What's Next: Expanding to More AI Tools
This workshop focused on Amazon Q and Kiro IDE, but the Model Context Protocol is tool-agnostic. I'm expanding the workshop to cover the entire AI tool ecosystem:
Coming Soon:
- Cursor – Popular AI-native code editor with MCP support
- Windsurf – Collaborative AI development environment
- Claude Code – Anthropic's CLI tool for Claude integration
- GitHub Copilot – Microsoft's AI pair programmer with extensibility
- Codex – OpenAI's code generation platform
Each tool has its own configuration approach, authentication method, and MCP implementation. The goal is to provide standardized workshops and installation scripts for all of them, so teams can choose their preferred AI tool while maintaining the same integrated workflow.
The principles remain the same across all tools: connect your entire tool chain, maintain configuration consistency, and let AI work with your full development context. Whether you prefer Amazon Q's AWS integration, Cursor's editing experience, or Claude Code's conversational approach, the workshop framework adapts to each platform.
Why This Matters
Tool chain integration isn't just about convenience—it's about breaking down the silos that slow teams down. When your AI assistant has the same context you do, it becomes a true development partner rather than just a code completion tool.

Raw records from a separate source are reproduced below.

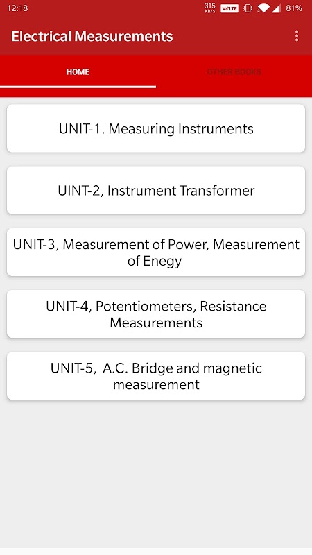 Nó bao gồm hơn 120 chủ đề về Đo lường Điện và Dụng cụ đo lường. Các chủ đề được chia thành 5 đơn vị.
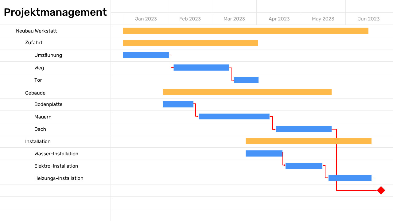 Cu ajutorul diagramelor Gantt interactive, poți vedea dintr-o privire ce sarcini trebuie realizate și când, precum și modul în care acestea depind logic unele de altele. Reperele (milestones) sunt clar vizibile și pot fi fixate.
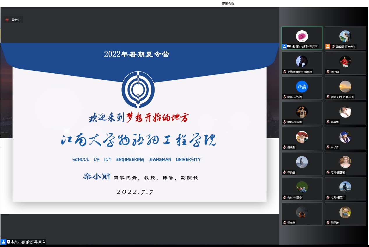 7月7日,江南大学物联网工程学院2022年全国优秀大学生夏令营成功举办。根据学校工作安排及疫情防控要求,此次夏令营全程以线上远程会议方式进行。来自江南大学、厦门大学、中国石油大学、苏州大学等国内知名高校同学踊跃报名,经过学院严格筛选,最终184名优秀学生参加了本届夏令营。
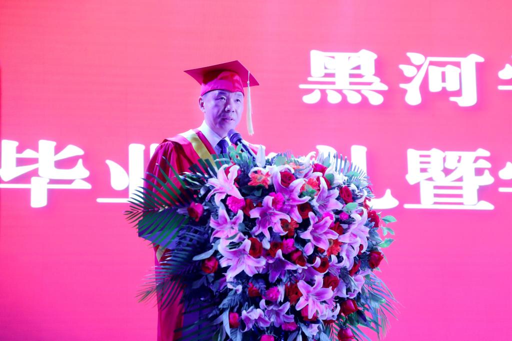 在热烈的掌声和欢呼声中,校长贯昌福在毕业典礼上深情致辞。他代表学校对圆满完成学业的同学们表示祝贺,向多年来为学生健康成长付出辛勤劳动的广大教职工表示敬意。贯校长指出,四年前,你们怀揣梦想进入黑河学院,四年中,你们在学习中转变,在转变中成熟,今天,你们满载而归,奔向前程。贯校长对毕业生为学校发展建设所作出的贡献表示衷心的感谢,勉励毕业生要胸怀大志,筑牢理想信念,做一个志存高远、追求卓越的人;要感恩社会、感恩时代、感恩生活,做一个品德高尚、常怀仁义之心的人;要爱国守法、明理诚信、敢于担当,做中华民族传统美德的继承者和弘扬者;要勤于思考、善于学习、敢于创新、追求真理,做一个勤学善思、苦干实干的人。要把吃苦当作磨砺自己的机会,把实践当作锻炼自己的舞台,依靠勤劳和汗水在新时代干出一番事业,创造无愧于时代的骄人业绩。贯校长激动地说:“母校将是你人生旅途中永远的港湾、坚强的后盾、温暖的家,你们也是母校永远的牵挂。”
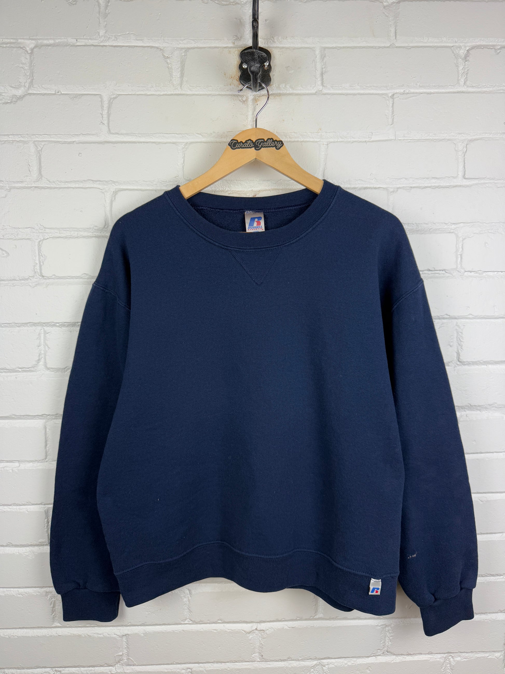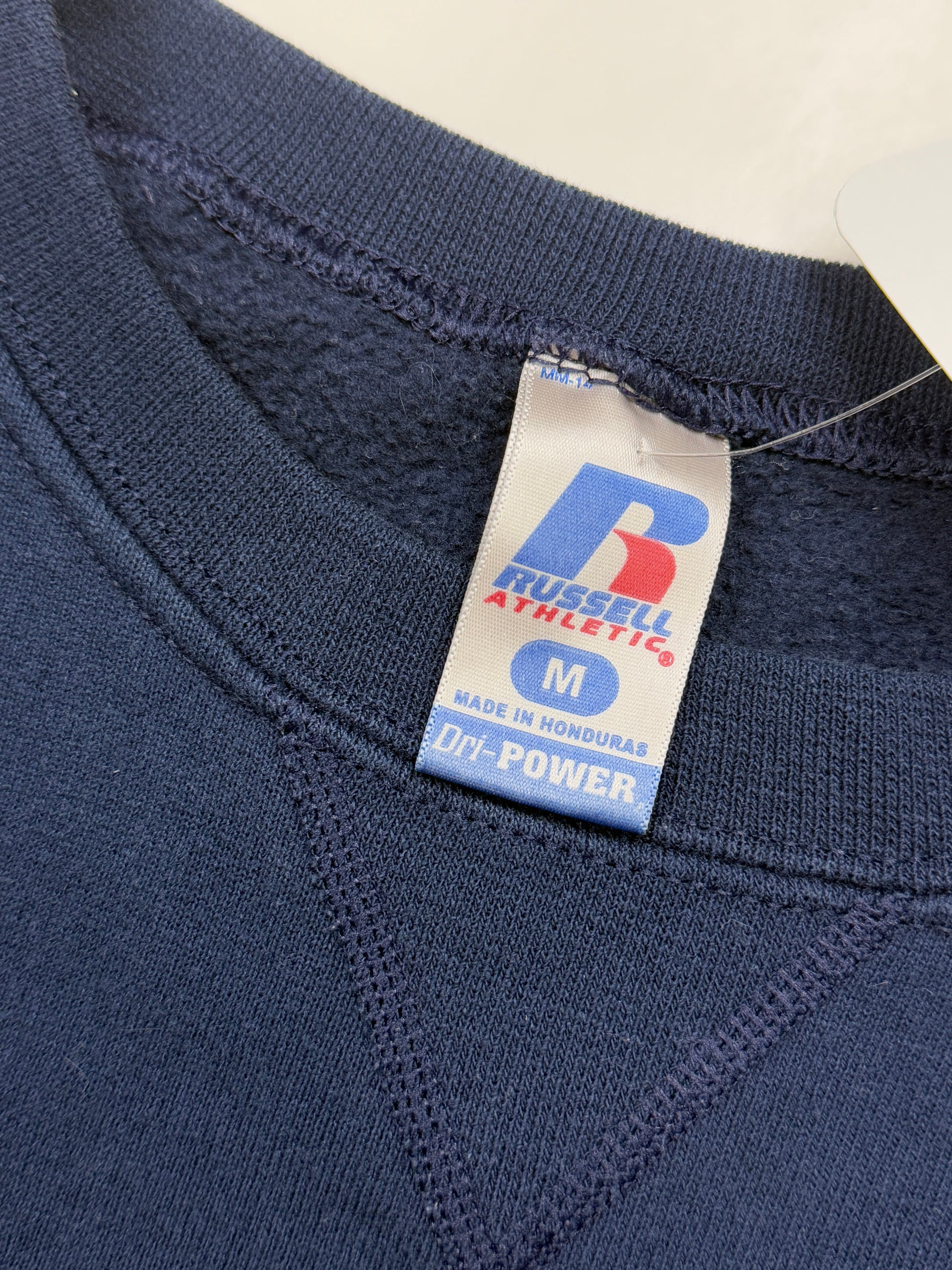 Russell Athletic Cropped Boxy Fit Blank Crewneck Sweatshirt Size M Navy Blue
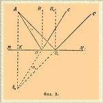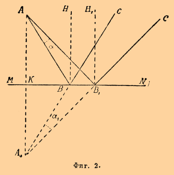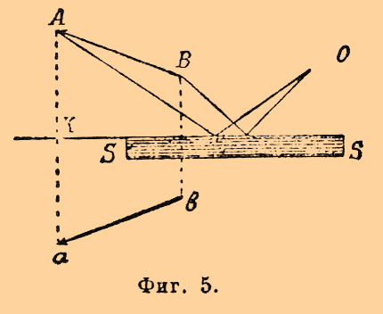 Плоские зеркала. Простейший случай отражения представляет отражение от плоского зеркала. Мнимое изображение точки А (фиг. 2) получается в А' на расстоянии от зеркала MN равном А'К = АК, и в этом случае α ' = α. Совокупность точек, представляющих предмет AB, дает за зеркалом мнимое изображение его ab (фиг. 5), равное предмету по величине и расстояние точек которого от зеркала равно расстоянию соответствующих точек предмета от зеркала.
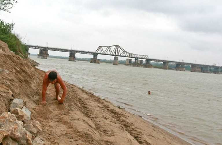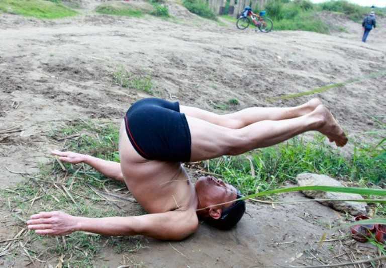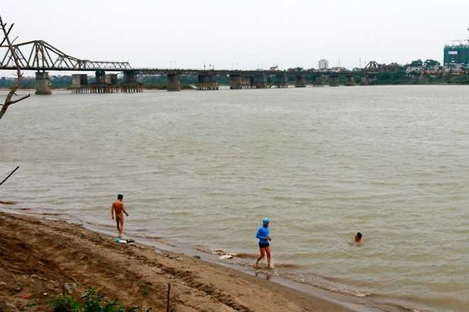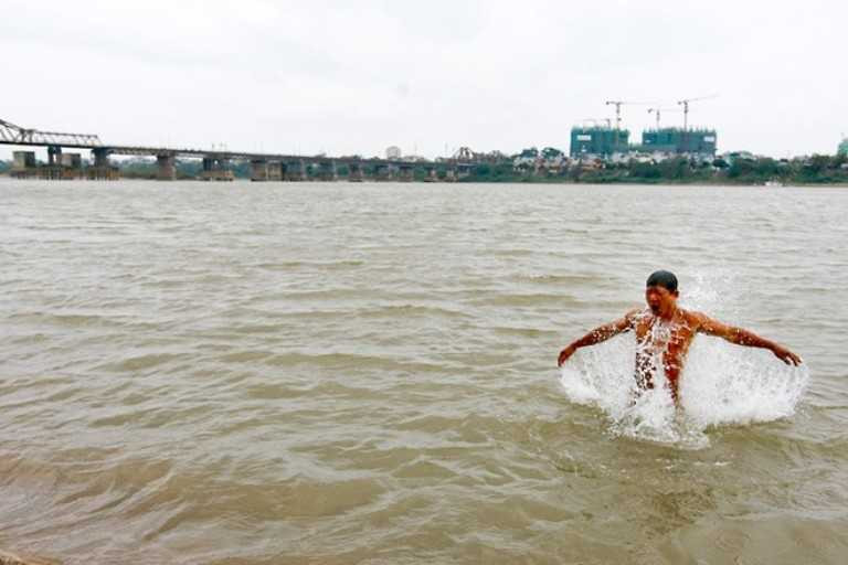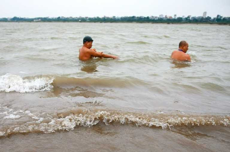 Chiều qua, Hà Nội đang đón đợt rét mới, nơi này vẫn có nhiều người tìm đến tắm. Một người đàn ông cao tuổi đang khởi động cho nóng người trước khi nhảy xuống sông.
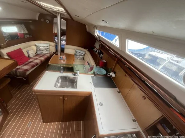 The 'L' shaped galley is to starboard and at the after end of the saloon Delux two ring gas cooker and oven Fridge with freezer compartment Stainless steel sinks with mixer tap Storage spaces Pressurised hot and cold fresh water via a mixer tap Hot water via a calorifier and immersion heater
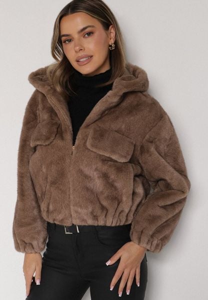 Jasnobrązowa Kurtka Futerko o Kroju Bomberki z Kapturem i Imitacją Kieszeni Awedana
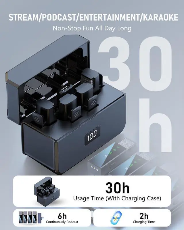 Impressive Battery Life: Power That Keeps Up with Your Creativity. Running out of battery in the middle of an important recording session is a nightmare for any content creator. The ZERFUN 4 Wireless Lavalier Microphone System puts those concerns to rest with its outstanding battery performance. You can enjoy up to 30 hours of continuous usage with the included charging case, making it perfect for long shoots, multi-day events, or extended podcasting sessions. Even without the charging case, the microphone offers 6 hours of non-stop podcasting, more than enough for most standard recording needs. And when the battery does run low, a quick 2-hour charge gets it fully powered up again.
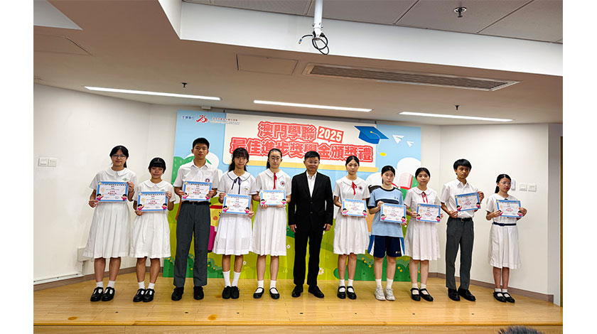 【本報訊】澳門中華學生聯合總會昨假辦事處舉行「二零二五年澳門學聯最佳進步獎學金」頒獎禮,共有六十五名來自大專、中學及小學的學生獲獎,學聯期望透過獎學金勉勵學生保持學習熱誠,積極裝備自我,為澳門社會及國家建設貢獻力量。
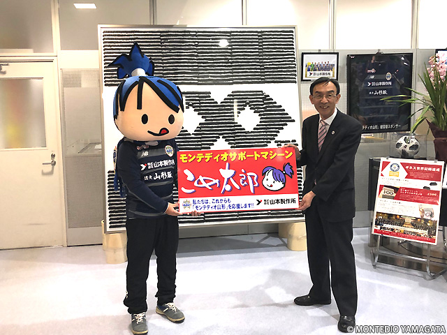 本日は、モンテディオ山形のトレーニングウェアスポンサー・正会員の株式会社山本製作所様より、コイン精米機こめ太郎の支援金150,000円を頂戴いたしました。
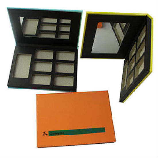 The displayed box is designed for packaging eye shadows. It offers 7 small compartments inside for storing eye shadows in different colors. It is covered with a lid and has a mirror at the back that allows you to apply makeup on the go.
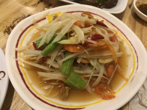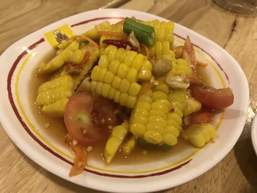 もちろんソムタムもいただきますよ~!ソムタムタイを頼んだのに、コーンがやってくるという、、笑。これもご愛敬!
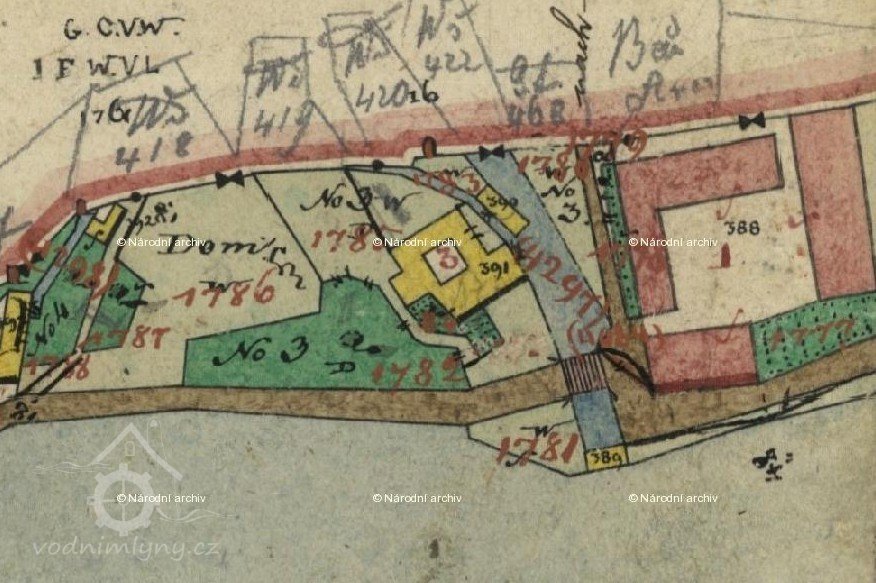 V r. 1930 byl majitel mlýna a pily Rudolf Kraus. Původní č. p. bylo 3.
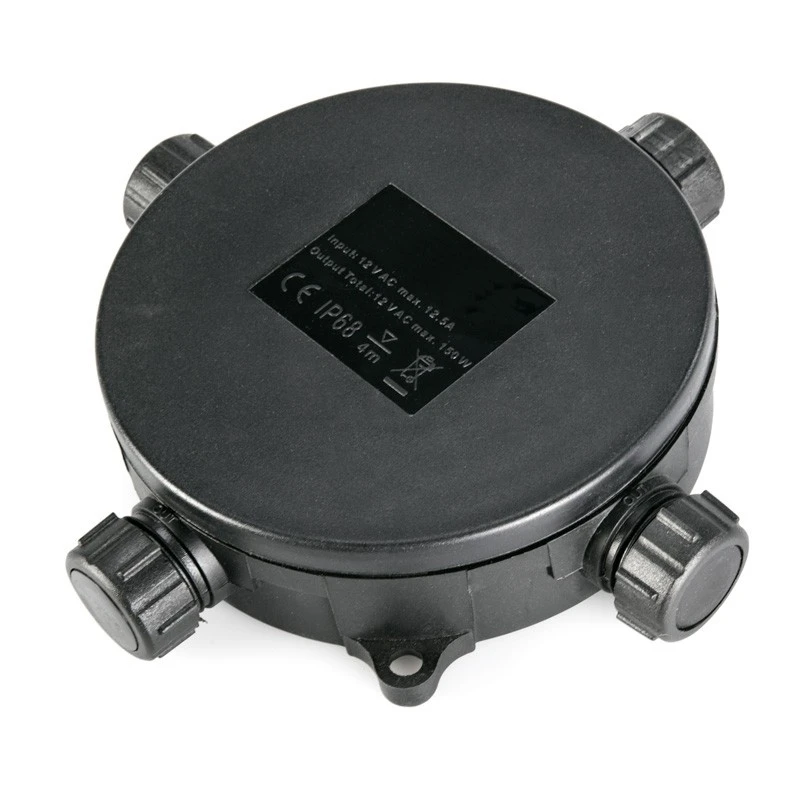 GLWJB provides an IP68 cable connection of up to 3 Patilo Plug&Play male light or extension cables to an extension cable from a Plug&Play transformer for use in damp, burial or underwater applications. It allows connection using the standard IP44 connectors inside the housing with outer seals which clamp around the cable to provide a waterproof seal.
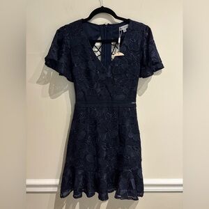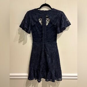 lace dress, navy lace, flutter sleeves, mini dress, ruffle hem, fit and flare, v-neck dress, occasion dress, cocktail dress, party dress, wedding guest dress, formal dress, feminine style, romantic aesthetic, elegant chic, evening wear, date night outfit, floral lace, scalloped hem, back lace-up detail, trendy boutique style, classy style, semi-formal dress, navy aesthetic
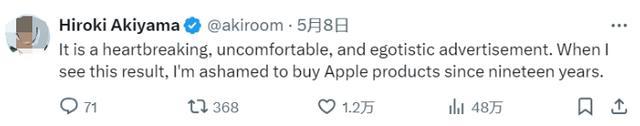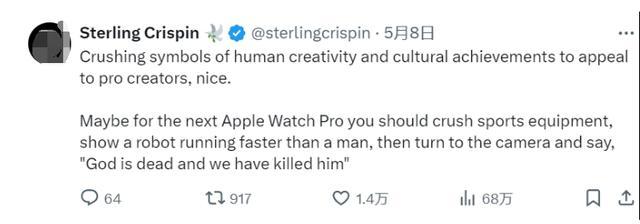 有网友嘲讽称,苹果用粉碎人类创造力和文化成就的象征,来吸引专业创作者,真不错。
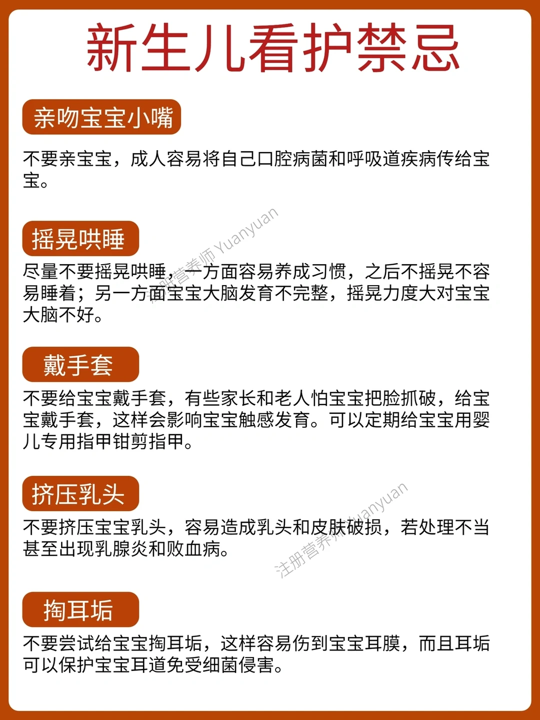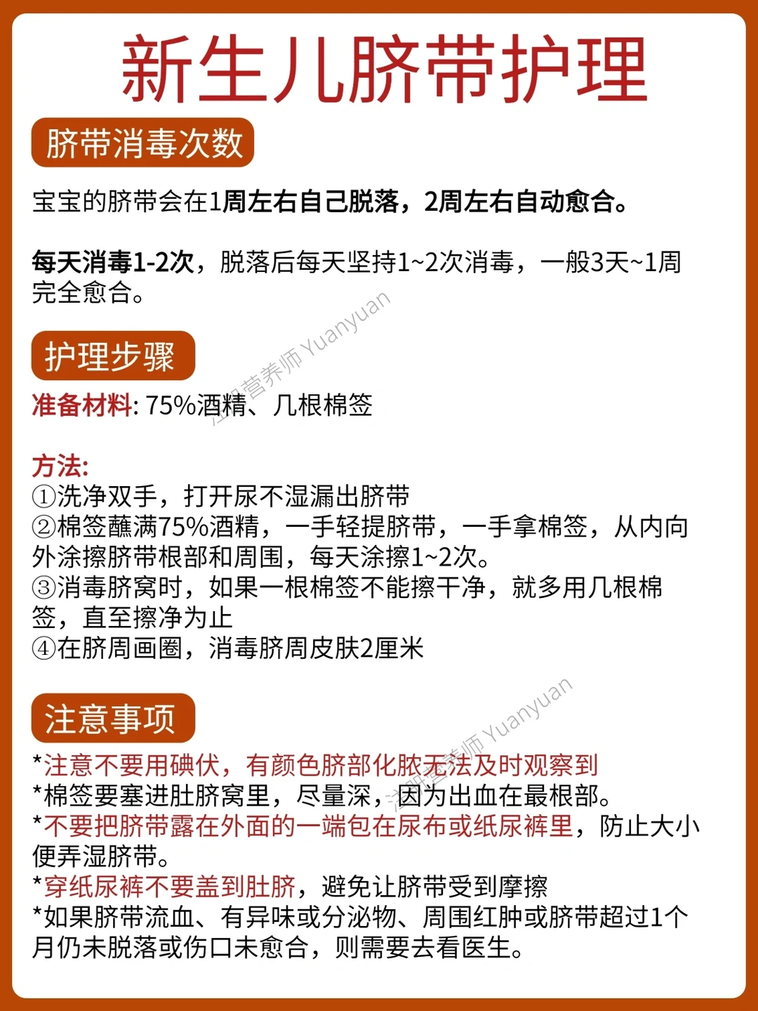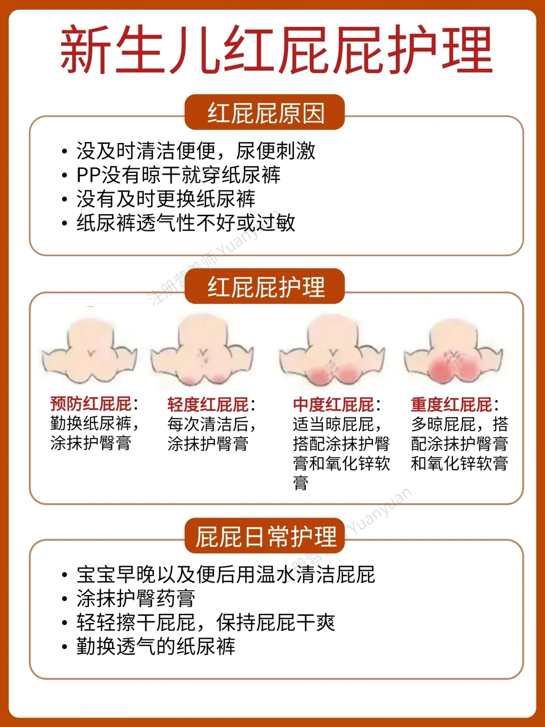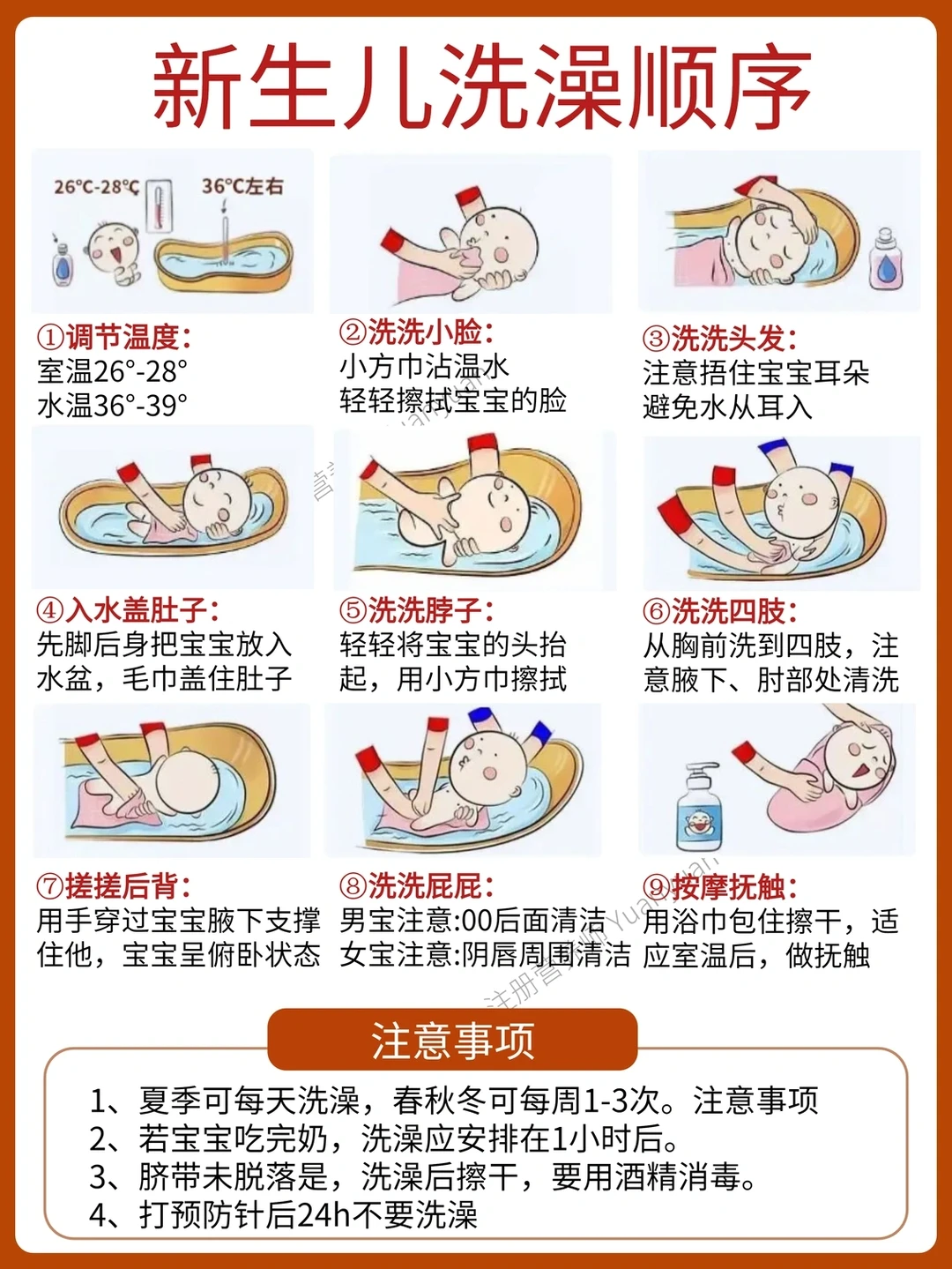 新生儿护理对于新手爸妈十分陌生。总结了常见的新生儿护理,分享给大家 1⃣脐带护理 2⃣红屁屁护理 3⃣洗澡顺序 4⃣看护禁忌

The complete DevOps loop—from issue investigation to solution proposal—demonstrates what's possible when tools talk to each other. Engineers spend less time context switching and more time solving problems.
"When your AI assistant has the same context you do, it becomes a true development partner rather than just a code completion tool."
Getting Started
The workshop is available on GitHub with everything needed to build your own integrated AI workflow:
- Streamlined setup guide (1-2 hours)
- Automated installation scripts
- Configuration templates
- Troubleshooting guide
- Step-by-step tutorial with real examples
Whether you're using Amazon Q, Kiro, or other AI tools that support MCP, the principles are the same: connect everything, maintain consistency, and let AI work with your full context.